Dataset records -
__________

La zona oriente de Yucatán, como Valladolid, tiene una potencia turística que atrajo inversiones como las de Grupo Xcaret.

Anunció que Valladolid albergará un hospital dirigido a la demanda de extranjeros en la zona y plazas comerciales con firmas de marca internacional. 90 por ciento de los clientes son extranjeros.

__________

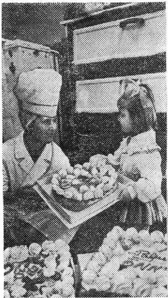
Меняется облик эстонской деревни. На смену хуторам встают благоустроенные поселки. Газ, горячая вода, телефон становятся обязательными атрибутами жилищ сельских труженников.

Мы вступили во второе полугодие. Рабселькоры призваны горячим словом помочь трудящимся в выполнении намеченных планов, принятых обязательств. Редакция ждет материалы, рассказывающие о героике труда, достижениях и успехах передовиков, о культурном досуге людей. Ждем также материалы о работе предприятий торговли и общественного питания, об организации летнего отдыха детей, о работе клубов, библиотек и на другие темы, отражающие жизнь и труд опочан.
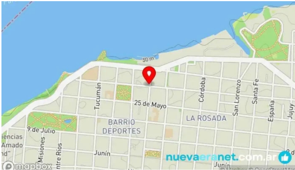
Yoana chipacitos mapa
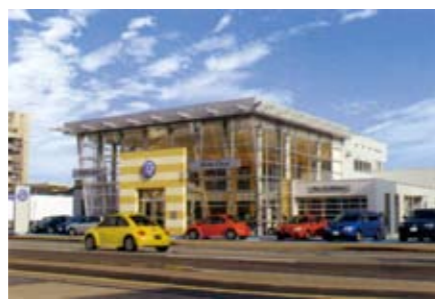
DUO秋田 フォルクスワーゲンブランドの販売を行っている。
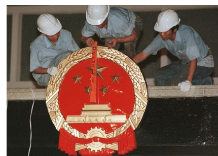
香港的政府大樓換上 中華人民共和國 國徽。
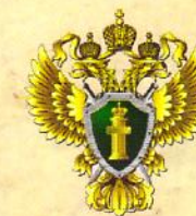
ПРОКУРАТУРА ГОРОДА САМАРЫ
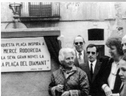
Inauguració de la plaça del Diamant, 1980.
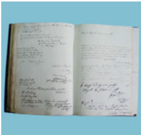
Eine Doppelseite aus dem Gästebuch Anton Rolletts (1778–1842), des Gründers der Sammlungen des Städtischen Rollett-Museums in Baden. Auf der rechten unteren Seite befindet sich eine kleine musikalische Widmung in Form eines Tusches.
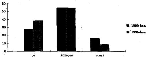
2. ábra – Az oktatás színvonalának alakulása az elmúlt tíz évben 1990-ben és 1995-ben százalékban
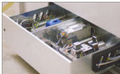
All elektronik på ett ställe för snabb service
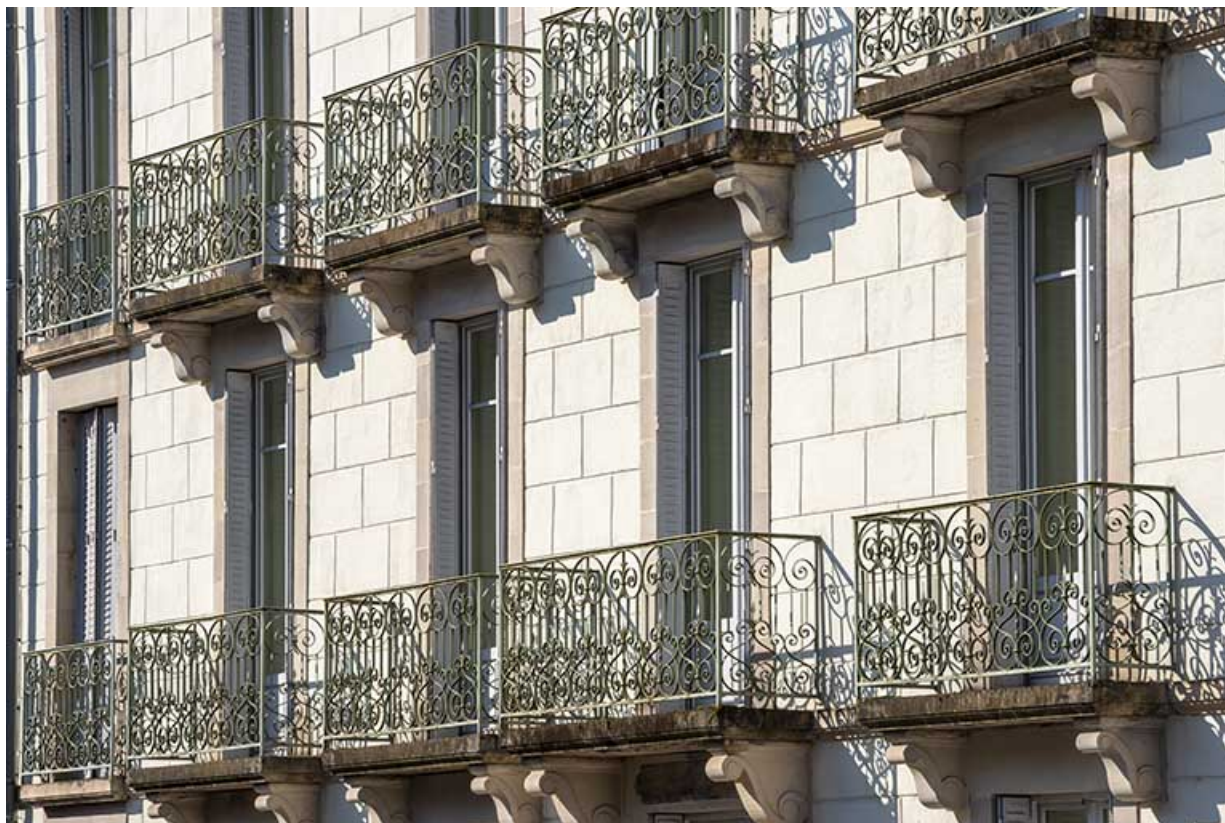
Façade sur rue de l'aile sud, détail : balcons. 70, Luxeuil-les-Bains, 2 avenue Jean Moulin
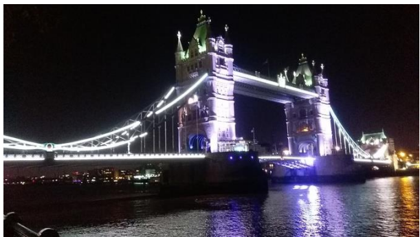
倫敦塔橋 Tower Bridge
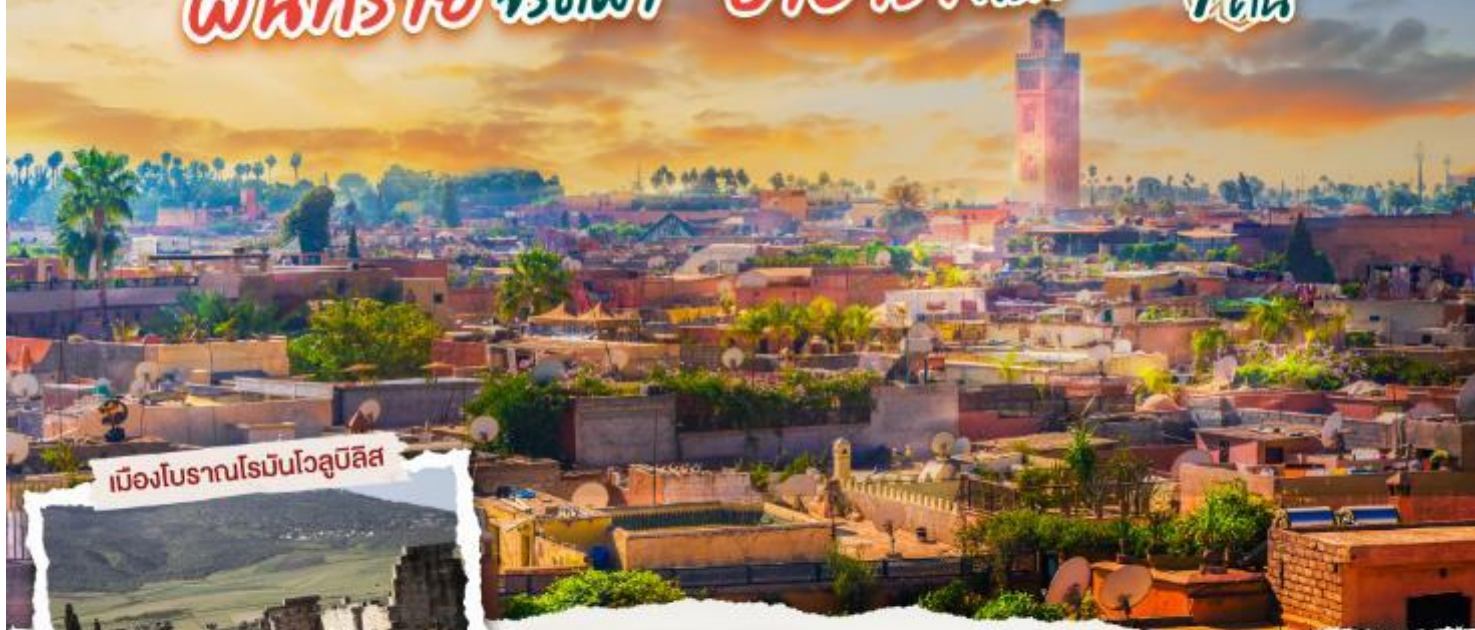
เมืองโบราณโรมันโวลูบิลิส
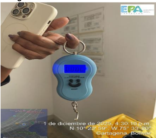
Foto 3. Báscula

__________

Go to the line above that has "Мы вступили во" and copy exactly from there down to the line that has "Foto 3. Báscula", both included. Leave the pictures out.

Мы вступили во второе полугодие. Рабселькоры призваны горячим словом помочь трудящимся в выполнении намеченных планов, принятых обязательств. Редакция ждет материалы, рассказывающие о героике труда, достижениях и успехах передовиков, о культурном досуге людей. Ждем также материалы о работе предприятий торговли и общественного питания, об организации летнего отдыха детей, о работе клубов, библиотек и на другие темы, отражающие жизнь и труд опочан.
Yoana chipacitos mapa
DUO秋田 フォルクスワーゲンブランドの販売を行っている。
香港的政府大樓換上 中華人民共和國 國徽。
ПРОКУРАТУРА ГОРОДА САМАРЫ
Inauguració de la plaça del Diamant, 1980.
Eine Doppelseite aus dem Gästebuch Anton Rolletts (1778–1842), des Gründers der Sammlungen des Städtischen Rollett-Museums in Baden. Auf der rechten unteren Seite befindet sich eine kleine musikalische Widmung in Form eines Tusches.
2. ábra – Az oktatás színvonalának alakulása az elmúlt tíz évben 1990-ben és 1995-ben százalékban
All elektronik på ett ställe för snabb service
Façade sur rue de l'aile sud, détail : balcons. 70, Luxeuil-les-Bains, 2 avenue Jean Moulin
倫敦塔橋 Tower Bridge
เมืองโบราณโรมันโวลูบิลิส
Foto 3. Báscula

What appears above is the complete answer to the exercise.